The brain receives enhanced pain-messages. In this way, a peripheral problem that appears minor to a doctor on a scan, or during an examination, none the less generates high levels of pain for the patient.
This process is a key target for drug therapies. Ketamine can block wind-up; but again, it has side-effects.
BLOCKING the generation of excitability is one approach; but increasing inhibitions may also offer effective analgesia. The opioid system, the target for drugs such as morphine, is a major inhibitory system, and acts to control painful messages at the spinal cord and also the brain.
These drugs, too, are not without problems. For many, the right dose for the right type of pain does not cause any issue. In the developing world, the lack of access to morphine leads many people to live in needless agony. But use of high doses with no clear pain problem leads to abuse, addiction, overdose, and diversion. These problems are particularly prevalent in the United States, and are increasingly recognised in the UK.
Another transmitter, noradrenaline, plays a related inhibitory function in some of the descending pathways from the brain to the spinal cord, whereas serotonin can enhance pain. The balance is lost when pains become persistent and inhibitory controls are lost.
These bidirectional pathways are embedded in the emotional areas of the brain, which explains how depression, fear, anxiety, sleep, coping, distraction, etc., can alter pain. The descending controls are hijacked by placebo and nocebo (the patient’s positive and negative expectations), and can be manipulated by anti-depressant drugs that act on these two main transmitters.
Their efficacy in neuropathic pains has no effect on mood, but this is not always explained to patients, who may be surprised to be offered a prescription for anti-depressants.
The connection of the limbic brain to the spinal cord through diffuse pathways may be an explanation for widespread pains such as fibromyalgia and irritable bowel syndrome, where peripheral processing may remain normal, yet central modulation goes awry, and leads to several symptoms, including differing degrees of pain.

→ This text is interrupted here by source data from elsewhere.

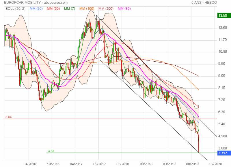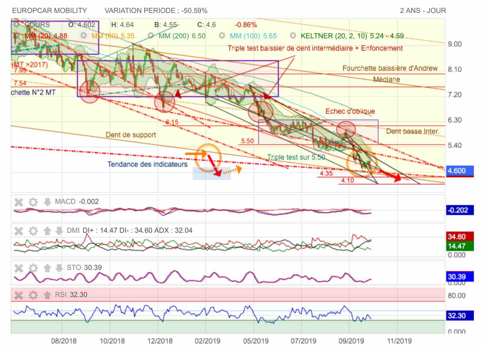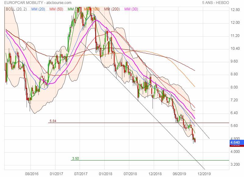 Depuis ce 11 septembre 2019, on se laisse couler à la baisse, et on enfonce tout ce qui se présente. On arrive maintenant vers la sortie de fourchette et sur un support baissier en pointillés rouge qu'il faudrait tenir sinon on va directement sur les point bas indiqués en projections d'obliques vers 4,35, puis 4,10 euros.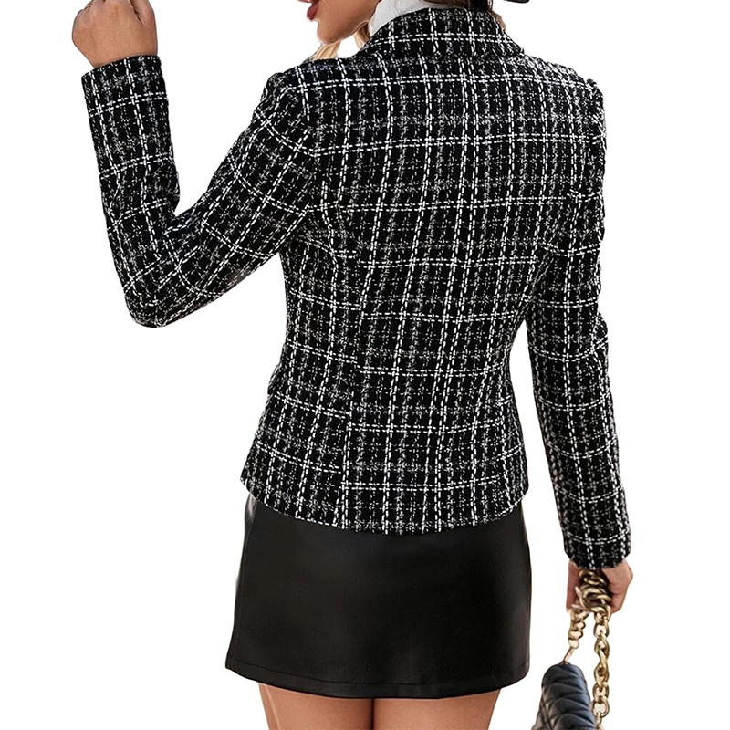 Fashion elements: The plaid print design increases the fashion sense and visual appeal of the jacket. Plaid prints are often regarded as a classic choice in the office, which is both professional and fashionable.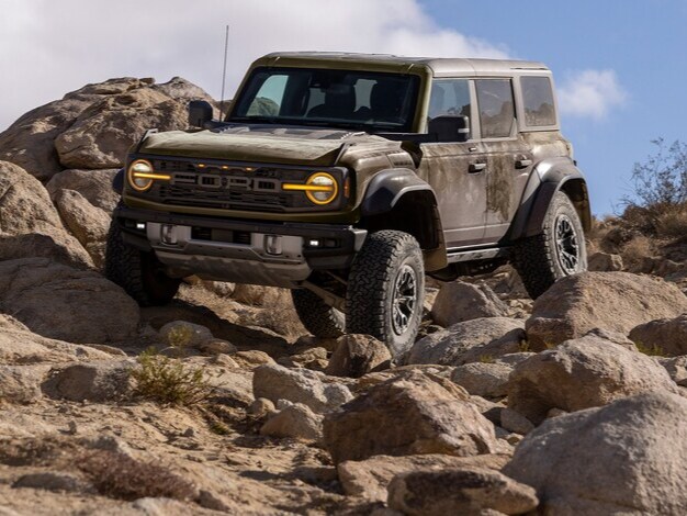 A High Package is included for the Raptor, which is the most powerful Ford Bronco model near Toccoa, GA, thanks to the 418-horsepower 3.0-liter EcoBoost® V6 engine. Appealing to Commerce, GA trail conquerors, Ford Bronco Raptor models sport larger 37-inch all-terrain tires. There are seven G.O.A.T. Modes® with the Terrain Management System™, and the Ford Bronco Raptor is equipped with the upgraded HOSS 4.0 Suspension featuring FOX™ Live Valve 3.1 Internal Bypass Semi-Active Dampers. A Carbonized Gray Molded hard top is included for the Ford Bronco Raptor. There's also a Ford Performance heavy-duty modular front bumper with RIGID® fog lamps, heavy-duty steel bash plates, and a front stabilizer bar disconnect. A 360-degree camera is added to the Ford Bronco Raptor so Toccoa, GA travelers have a great visual of the trail.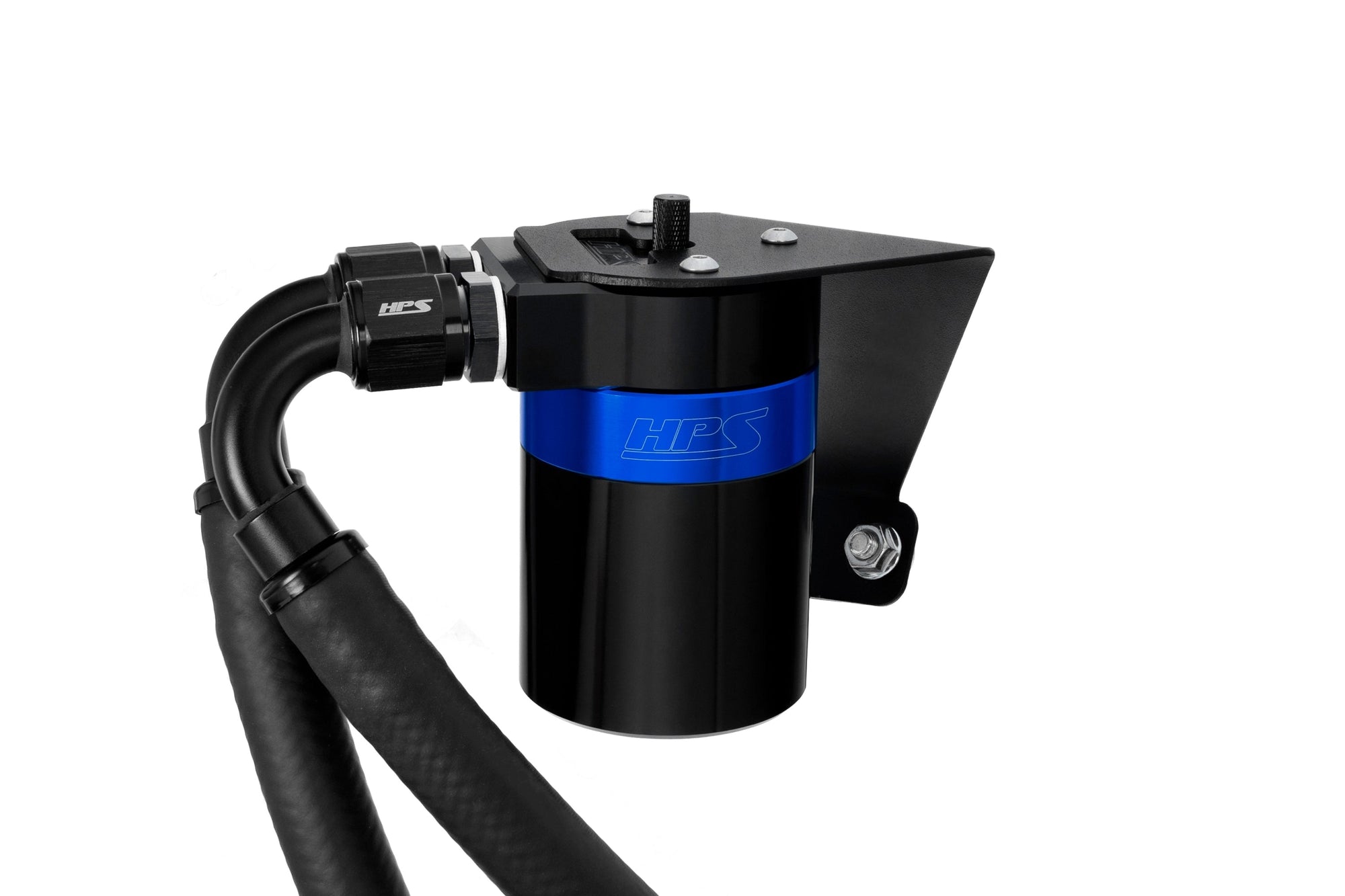 Preserve your engine’s performance with the HPS Performance Oil Catch Can Kit, expertly designed to tackle the damaging effects of crankcase blow-by. This system efficiently captures oil vapors and contaminants before they reach your intake, reducing carbon buildup that robs your engine of power. By promoting cleaner combustion, it helps maintain optimal engine output and prolongs the life of internal components. Constructed from high-grade billet aluminum, the 5oz canister is built to withstand rigorous conditions. Maintenance is effortless thanks to the integrated dipstick and user-friendly removable can. With a custom-fit mounting bracket and premium -10 AN hoses, installation is secure and requires no permanent alterations to your engine bay. Protect your engine, optimize performance, and enjoy peace of mind every time you drive.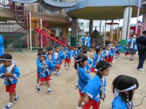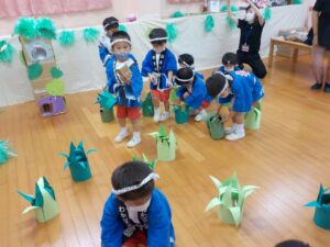園庭では、はっぴにハチマキを身につけて、げんきいっぱい盆踊りを踊って、お祭りを満喫しました。
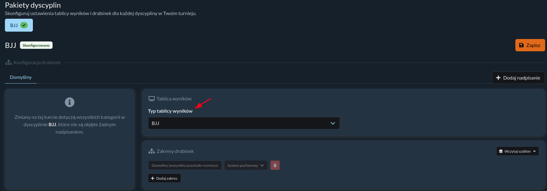 Uwaga: Ustawienie dyscypliny określa jedynie jakiemu sportowi przynależą kategorie. Konkretny wariant tablicy punktowej (np. BJJ niebieski/czerwony vs standardowe BJJ) oraz reguły typów drabinek są konfigurowane osobno w Pakietach dyscyplin, dostępnych ze strony Drabinki.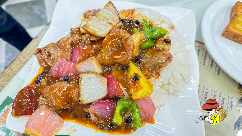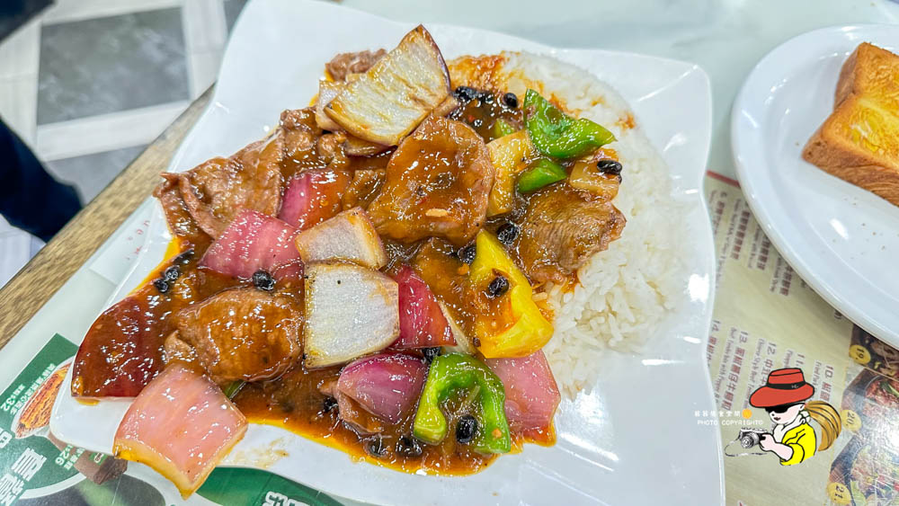 黑胡椒牛肉燴飯,我必須說醬汁是蠻下飯的,但是牛肉比我阿嬤的肉還柴!米飯就很平庸這樣!哈哈哈哈啊!所以我基本上就是吃飯居多!大家自己參考啦!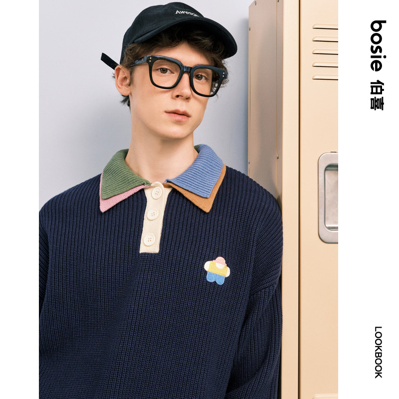 修身 百搭纯色拉链开衫 爆款 秋冬季 毛衣外套男立领半高外搭 男针织衫

Where will we be in the future? There has been an identification of several novel targets for pain control; so better drugs should emerge. The importance of combined pharmacological and social and psychological approaches is recognised.
The most useful development could be better ways of predicting which pain in a particular patient will respond to a particular drug. Using pain profiles from individual patients, it may become possible to use existing and new drugs in a far better way.
Professor Tony Dickenson is Professor of Neuropharmacology at University College, London.